## PROVIDED RECORDS

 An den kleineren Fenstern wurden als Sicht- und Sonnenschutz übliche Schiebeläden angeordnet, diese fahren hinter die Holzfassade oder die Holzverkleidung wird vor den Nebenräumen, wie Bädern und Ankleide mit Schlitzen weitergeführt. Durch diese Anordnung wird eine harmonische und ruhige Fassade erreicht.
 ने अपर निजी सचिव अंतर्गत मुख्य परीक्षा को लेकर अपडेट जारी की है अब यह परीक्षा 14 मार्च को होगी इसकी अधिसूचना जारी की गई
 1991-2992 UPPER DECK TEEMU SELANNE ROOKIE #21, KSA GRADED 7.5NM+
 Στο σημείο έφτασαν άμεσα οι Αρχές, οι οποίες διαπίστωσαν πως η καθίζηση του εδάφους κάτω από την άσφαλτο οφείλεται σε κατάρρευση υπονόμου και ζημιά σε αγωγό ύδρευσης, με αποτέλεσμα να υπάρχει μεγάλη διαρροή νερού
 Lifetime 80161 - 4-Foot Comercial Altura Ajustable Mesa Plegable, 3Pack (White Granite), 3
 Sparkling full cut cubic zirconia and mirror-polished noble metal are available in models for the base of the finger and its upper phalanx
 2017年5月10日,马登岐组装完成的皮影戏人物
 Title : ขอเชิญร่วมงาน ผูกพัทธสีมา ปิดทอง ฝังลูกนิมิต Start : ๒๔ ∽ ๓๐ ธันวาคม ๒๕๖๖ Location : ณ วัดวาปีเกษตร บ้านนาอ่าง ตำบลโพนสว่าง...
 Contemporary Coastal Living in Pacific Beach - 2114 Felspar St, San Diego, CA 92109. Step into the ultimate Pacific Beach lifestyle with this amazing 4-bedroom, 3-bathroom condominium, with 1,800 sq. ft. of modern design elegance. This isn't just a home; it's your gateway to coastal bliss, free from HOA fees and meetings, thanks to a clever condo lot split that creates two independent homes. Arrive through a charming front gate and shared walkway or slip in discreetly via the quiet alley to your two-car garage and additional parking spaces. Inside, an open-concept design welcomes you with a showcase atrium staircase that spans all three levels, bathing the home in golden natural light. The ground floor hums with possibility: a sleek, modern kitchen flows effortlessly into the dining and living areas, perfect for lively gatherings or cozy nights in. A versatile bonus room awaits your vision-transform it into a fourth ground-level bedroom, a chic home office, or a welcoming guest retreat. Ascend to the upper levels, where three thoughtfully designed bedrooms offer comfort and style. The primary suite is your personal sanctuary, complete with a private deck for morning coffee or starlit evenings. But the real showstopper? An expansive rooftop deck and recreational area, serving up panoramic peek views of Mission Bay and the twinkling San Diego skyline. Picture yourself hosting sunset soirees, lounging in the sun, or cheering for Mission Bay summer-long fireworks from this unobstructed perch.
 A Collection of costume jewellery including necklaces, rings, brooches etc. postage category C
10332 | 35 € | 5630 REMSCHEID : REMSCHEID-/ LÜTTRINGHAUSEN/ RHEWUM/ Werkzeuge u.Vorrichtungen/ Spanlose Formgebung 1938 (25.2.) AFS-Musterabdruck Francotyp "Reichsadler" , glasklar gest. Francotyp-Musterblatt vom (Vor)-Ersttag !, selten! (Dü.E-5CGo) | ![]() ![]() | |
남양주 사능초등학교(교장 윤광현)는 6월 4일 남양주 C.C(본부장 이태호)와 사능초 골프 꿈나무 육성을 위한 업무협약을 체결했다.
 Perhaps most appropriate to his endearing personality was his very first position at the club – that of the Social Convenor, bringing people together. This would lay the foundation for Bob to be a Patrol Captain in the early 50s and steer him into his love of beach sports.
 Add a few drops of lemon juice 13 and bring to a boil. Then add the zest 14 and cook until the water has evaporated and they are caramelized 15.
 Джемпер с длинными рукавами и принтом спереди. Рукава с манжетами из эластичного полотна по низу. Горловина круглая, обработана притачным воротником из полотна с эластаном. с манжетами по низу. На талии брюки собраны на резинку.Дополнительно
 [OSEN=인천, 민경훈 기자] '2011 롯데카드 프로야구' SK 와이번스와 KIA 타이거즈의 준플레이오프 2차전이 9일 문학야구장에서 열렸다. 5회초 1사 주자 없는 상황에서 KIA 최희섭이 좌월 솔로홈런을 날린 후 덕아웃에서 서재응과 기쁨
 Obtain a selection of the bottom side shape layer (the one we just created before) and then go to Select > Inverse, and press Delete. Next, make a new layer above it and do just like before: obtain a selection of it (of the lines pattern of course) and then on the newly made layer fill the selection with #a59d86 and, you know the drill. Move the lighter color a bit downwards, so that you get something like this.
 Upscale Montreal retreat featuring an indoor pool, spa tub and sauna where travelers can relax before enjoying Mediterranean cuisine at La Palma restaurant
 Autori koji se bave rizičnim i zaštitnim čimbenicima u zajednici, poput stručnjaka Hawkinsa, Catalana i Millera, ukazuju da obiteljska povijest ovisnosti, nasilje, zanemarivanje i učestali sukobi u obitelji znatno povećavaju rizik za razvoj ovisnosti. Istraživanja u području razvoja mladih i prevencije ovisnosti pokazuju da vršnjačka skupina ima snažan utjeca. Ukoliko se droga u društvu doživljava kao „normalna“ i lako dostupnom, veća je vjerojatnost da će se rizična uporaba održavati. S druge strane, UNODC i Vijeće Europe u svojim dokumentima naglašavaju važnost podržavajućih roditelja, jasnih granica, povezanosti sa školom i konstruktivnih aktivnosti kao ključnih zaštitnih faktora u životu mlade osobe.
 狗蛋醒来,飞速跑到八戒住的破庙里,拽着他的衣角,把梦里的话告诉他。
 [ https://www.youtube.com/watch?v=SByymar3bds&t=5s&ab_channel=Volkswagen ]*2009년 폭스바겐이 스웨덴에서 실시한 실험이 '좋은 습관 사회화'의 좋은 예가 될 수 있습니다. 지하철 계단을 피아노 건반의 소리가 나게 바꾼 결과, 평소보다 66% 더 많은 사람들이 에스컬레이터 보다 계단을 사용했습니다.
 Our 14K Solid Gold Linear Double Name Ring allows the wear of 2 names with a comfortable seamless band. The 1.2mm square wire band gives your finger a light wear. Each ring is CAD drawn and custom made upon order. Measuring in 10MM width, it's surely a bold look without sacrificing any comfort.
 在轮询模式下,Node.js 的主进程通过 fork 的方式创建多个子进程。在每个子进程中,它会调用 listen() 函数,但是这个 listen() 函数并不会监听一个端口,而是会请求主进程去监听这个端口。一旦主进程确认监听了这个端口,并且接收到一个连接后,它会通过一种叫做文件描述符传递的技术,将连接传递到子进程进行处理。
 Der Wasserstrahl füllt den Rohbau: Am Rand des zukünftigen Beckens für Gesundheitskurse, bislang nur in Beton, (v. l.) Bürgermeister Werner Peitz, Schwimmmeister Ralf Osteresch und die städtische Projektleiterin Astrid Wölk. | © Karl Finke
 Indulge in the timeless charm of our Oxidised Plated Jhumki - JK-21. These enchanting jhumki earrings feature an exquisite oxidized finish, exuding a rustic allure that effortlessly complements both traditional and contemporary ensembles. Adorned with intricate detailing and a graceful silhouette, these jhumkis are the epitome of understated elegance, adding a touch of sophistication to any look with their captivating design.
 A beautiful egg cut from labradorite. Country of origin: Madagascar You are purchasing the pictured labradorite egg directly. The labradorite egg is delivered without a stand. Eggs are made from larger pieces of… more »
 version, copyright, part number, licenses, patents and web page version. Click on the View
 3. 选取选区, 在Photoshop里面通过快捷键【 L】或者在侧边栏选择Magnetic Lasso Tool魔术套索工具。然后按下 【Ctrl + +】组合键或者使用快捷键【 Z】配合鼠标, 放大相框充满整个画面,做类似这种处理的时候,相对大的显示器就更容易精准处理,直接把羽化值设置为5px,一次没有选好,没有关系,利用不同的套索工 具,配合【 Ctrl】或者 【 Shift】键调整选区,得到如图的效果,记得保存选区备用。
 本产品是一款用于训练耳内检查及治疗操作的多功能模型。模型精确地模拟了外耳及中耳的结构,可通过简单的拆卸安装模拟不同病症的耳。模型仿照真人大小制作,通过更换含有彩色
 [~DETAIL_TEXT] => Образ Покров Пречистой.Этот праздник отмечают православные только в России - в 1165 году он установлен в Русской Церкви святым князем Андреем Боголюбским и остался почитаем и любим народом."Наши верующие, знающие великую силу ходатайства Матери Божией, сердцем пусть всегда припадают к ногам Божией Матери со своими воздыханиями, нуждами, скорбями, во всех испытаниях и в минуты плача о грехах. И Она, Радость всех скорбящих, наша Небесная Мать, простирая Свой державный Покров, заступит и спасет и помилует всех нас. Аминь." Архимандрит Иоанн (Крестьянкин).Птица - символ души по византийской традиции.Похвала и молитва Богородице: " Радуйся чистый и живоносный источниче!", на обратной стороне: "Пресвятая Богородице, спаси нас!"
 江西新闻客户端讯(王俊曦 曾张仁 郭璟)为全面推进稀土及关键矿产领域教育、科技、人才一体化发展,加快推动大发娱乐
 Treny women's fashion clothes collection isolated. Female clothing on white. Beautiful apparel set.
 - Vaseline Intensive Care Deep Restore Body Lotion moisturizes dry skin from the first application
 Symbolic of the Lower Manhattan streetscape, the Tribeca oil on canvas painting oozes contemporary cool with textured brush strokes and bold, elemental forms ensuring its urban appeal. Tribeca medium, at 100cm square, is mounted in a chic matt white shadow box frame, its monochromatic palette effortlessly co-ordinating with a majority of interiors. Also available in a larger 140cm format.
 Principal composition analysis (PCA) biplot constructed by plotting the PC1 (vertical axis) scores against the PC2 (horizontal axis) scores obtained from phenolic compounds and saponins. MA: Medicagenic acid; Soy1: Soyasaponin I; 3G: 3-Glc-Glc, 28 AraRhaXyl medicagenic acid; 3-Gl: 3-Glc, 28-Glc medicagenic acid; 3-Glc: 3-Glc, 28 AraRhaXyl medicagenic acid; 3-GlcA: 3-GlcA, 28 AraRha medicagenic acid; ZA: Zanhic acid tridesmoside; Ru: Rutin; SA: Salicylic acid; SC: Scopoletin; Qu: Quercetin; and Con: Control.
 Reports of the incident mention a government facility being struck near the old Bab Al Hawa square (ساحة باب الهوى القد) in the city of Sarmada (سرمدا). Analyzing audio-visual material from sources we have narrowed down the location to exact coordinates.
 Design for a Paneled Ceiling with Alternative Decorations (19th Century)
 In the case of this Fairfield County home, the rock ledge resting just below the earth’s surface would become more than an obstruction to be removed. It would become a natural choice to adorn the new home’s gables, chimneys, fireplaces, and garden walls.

## ACTION ITEM
The required output is the exact run of lines from the beginning of the listing above to the line that contains "Title : ขอเชิญร่วมงาน", inclusive of both.

## RESPONSE AREA
 An den kleineren Fenstern wurden als Sicht- und Sonnenschutz übliche Schiebeläden angeordnet, diese fahren hinter die Holzfassade oder die Holzverkleidung wird vor den Nebenräumen, wie Bädern und Ankleide mit Schlitzen weitergeführt. Durch diese Anordnung wird eine harmonische und ruhige Fassade erreicht.
 ने अपर निजी सचिव अंतर्गत मुख्य परीक्षा को लेकर अपडेट जारी की है अब यह परीक्षा 14 मार्च को होगी इसकी अधिसूचना जारी की गई
 1991-2992 UPPER DECK TEEMU SELANNE ROOKIE #21, KSA GRADED 7.5NM+
 Στο σημείο έφτασαν άμεσα οι Αρχές, οι οποίες διαπίστωσαν πως η καθίζηση του εδάφους κάτω από την άσφαλτο οφείλεται σε κατάρρευση υπονόμου και ζημιά σε αγωγό ύδρευσης, με αποτέλεσμα να υπάρχει μεγάλη διαρροή νερού
 Lifetime 80161 - 4-Foot Comercial Altura Ajustable Mesa Plegable, 3Pack (White Granite), 3
 Sparkling full cut cubic zirconia and mirror-polished noble metal are available in models for the base of the finger and its upper phalanx
 2017年5月10日,马登岐组装完成的皮影戏人物
 Title : ขอเชิญร่วมงาน ผูกพัทธสีมา ปิดทอง ฝังลูกนิมิต Start : ๒๔ ∽ ๓๐ ธันวาคม ๒๕๖๖ Location : ณ วัดวาปีเกษตร บ้านนาอ่าง ตำบลโพนสว่าง...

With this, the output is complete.